A new multi-agent system replaces human labor with a coordinated team of scouting, harvesting, and transport robots.

Researchers at Perm Polytechnic University have developed a revolutionary robotic system for berry harvesting that distributes tasks among a team of specialized machines instead of relying on a single, complex robot. The innovation aims to automate one of the most labor-intensive agricultural processes, addressing the growing shortage of seasonal workers.

Each summer, the demand for strawberries, blueberries, and other berries exposes a serious bottleneck in farming: manual picking drives up costs and retail prices. In 2025 alone, Russia required around 50,000 seasonal workers for the harvest. Existing machines and drones often miss berries hidden under leaves or operate inefficiently, leaving sections of fields unpicked.

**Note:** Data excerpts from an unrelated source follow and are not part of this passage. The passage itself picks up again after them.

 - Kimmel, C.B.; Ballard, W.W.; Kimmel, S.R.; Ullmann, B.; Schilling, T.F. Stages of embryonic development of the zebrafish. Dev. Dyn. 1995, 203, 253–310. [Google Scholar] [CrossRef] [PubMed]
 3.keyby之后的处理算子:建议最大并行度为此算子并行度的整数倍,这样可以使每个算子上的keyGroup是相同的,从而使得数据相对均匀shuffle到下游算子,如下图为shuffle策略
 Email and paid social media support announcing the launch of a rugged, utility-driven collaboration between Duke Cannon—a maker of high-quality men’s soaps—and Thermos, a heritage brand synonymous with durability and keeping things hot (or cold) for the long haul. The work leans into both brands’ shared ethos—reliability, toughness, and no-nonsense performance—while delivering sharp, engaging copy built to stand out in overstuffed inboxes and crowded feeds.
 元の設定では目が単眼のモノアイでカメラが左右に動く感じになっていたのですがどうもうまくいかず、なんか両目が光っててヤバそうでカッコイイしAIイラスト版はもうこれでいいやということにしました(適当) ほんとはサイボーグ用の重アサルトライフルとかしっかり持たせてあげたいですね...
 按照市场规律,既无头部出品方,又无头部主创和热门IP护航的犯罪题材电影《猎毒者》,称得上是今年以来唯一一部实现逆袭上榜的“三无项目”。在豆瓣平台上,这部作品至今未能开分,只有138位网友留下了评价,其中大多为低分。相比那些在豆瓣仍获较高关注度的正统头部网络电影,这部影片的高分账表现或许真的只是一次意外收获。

“The idea of a single robot that can search, pick, and transport berries at once is technically complex and economically inefficient,” explained Anton Posyagin, associate professor at the university’s Department of Automation and Telemechanics. “Such machines are usually too heavy, compact the soil, and consume too much energy. Our approach distributes these functions among three types of automated assistants: compact scouts detect ripe berries, manipulator robots carefully harvest them, and bunker agents handle transportation. This setup allows all operations to run in parallel, greatly increasing overall productivity.”

For a field of up to five hectares, the optimal lineup includes five or six scouts, two or three pickers, and one or two transporters, ensuring full coverage and continuous workflow.

Centralized Coordination

At the heart of the system is a central control platform that coordinates all robotic actions. A main computer builds a shared map of the terrain, plans optimal routes, and issues commands over a secure radio network.

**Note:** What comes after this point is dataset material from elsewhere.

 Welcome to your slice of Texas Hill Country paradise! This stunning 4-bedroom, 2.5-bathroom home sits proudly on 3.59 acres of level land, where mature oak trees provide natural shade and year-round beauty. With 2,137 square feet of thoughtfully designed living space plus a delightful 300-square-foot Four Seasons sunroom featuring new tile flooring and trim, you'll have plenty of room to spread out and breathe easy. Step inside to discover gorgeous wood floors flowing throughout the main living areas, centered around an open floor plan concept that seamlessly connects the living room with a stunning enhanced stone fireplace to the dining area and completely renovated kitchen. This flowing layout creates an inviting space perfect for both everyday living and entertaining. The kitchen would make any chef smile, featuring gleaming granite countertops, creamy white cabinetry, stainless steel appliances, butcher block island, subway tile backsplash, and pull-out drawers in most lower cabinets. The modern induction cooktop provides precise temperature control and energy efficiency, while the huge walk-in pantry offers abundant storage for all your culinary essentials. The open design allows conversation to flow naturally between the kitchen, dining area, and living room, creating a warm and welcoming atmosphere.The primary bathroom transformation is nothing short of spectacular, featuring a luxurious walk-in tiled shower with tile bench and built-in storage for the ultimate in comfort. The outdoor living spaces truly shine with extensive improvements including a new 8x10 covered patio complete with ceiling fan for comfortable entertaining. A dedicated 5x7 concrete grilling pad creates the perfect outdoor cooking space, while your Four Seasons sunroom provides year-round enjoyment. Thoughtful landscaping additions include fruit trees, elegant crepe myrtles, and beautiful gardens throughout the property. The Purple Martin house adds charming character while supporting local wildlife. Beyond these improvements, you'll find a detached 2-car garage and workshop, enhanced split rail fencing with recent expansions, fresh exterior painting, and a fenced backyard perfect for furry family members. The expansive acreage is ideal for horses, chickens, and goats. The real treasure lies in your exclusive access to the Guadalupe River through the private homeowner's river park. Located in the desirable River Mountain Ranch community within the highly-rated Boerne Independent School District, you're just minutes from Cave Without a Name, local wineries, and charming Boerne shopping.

Field tests of the prototype have already confirmed the system’s advantages. Researchers have built a working scout robot—a compact tracked vehicle equipped with navigation sensors.

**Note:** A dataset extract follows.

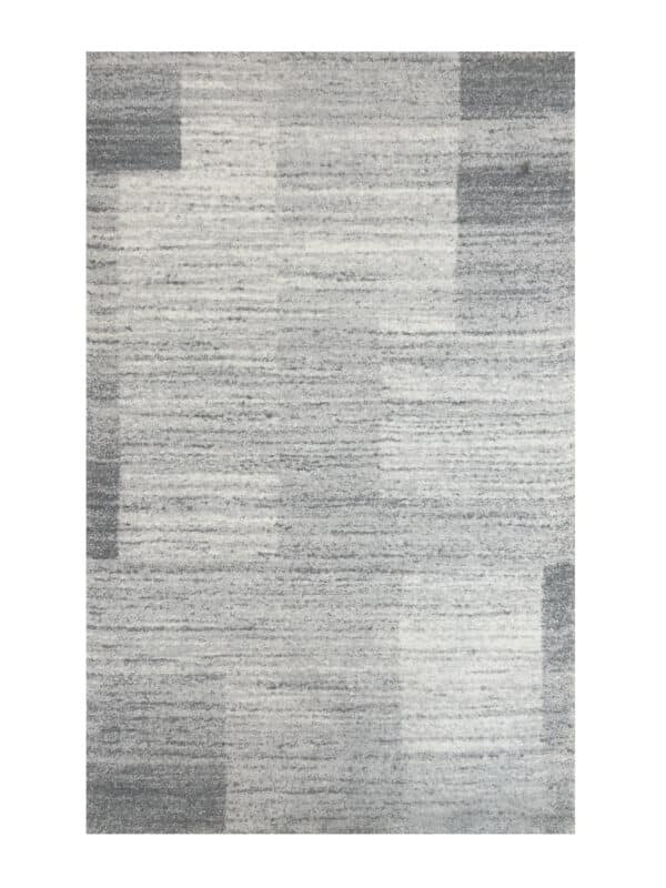 שטיח ביו בעיצוב גיאומטרי מודרני, בגווני אפור בהיר עם נגיעות גרפיט רך.

“We’re now integrating a computer vision system for identifying ripe berries and developing dedicated manipulators for gentle harvesting, along with transport agents for delivery,” Posyagin added.

The project represents a major step in Russia’s agricultural digital transformation, showing how robotics can tackle one of the toughest challenges in farming. By automating berry picking through intelligent teamwork, the system could boost yields, reduce costs, and make fresh produce more affordable worldwide—while redefining what fieldwork looks like in the era of smart farming.